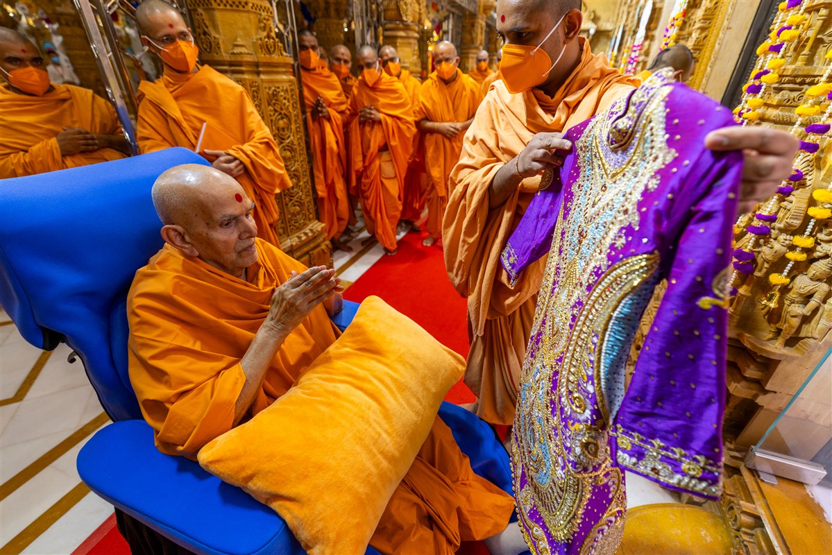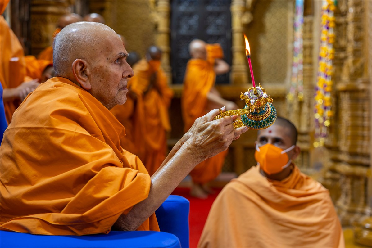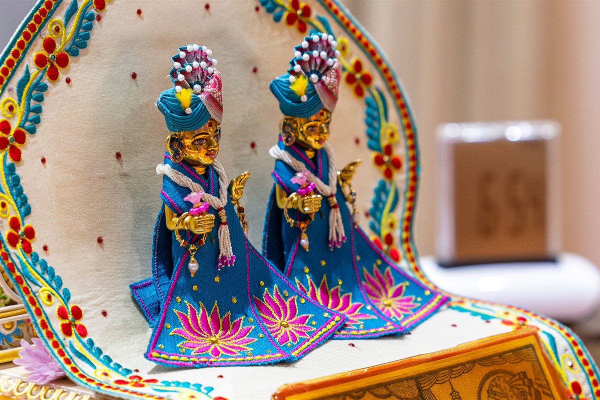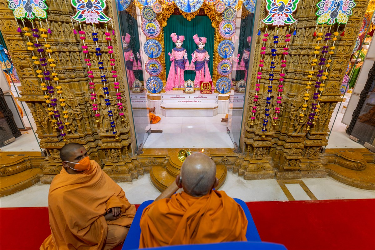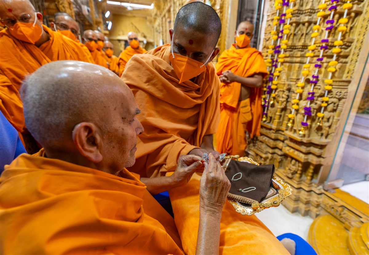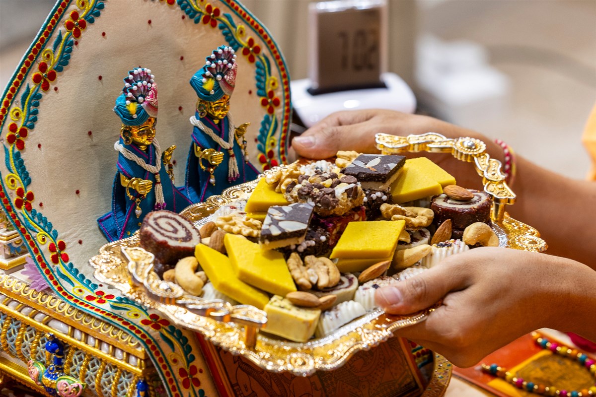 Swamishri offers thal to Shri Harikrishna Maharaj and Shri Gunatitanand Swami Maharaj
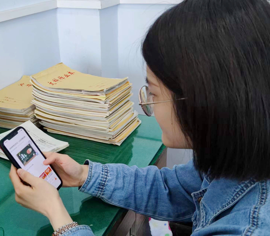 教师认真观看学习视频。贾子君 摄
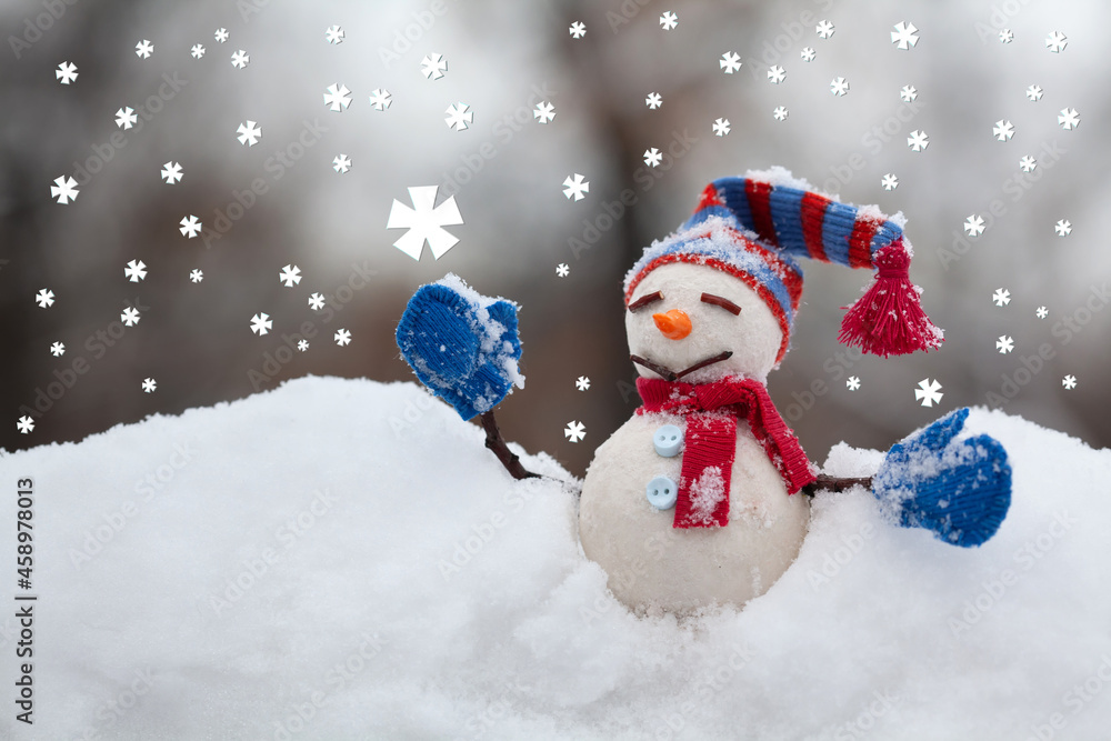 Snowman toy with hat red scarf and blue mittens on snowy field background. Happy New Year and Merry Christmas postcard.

● Aim of the task: Copy out every line above without change, dropping the pictures.

● Answer area:
 Swamishri offers thal to Shri Harikrishna Maharaj and Shri Gunatitanand Swami Maharaj
 教师认真观看学习视频。贾子君 摄
 Snowman toy with hat red scarf and blue mittens on snowy field background. Happy New Year and Merry Christmas postcard.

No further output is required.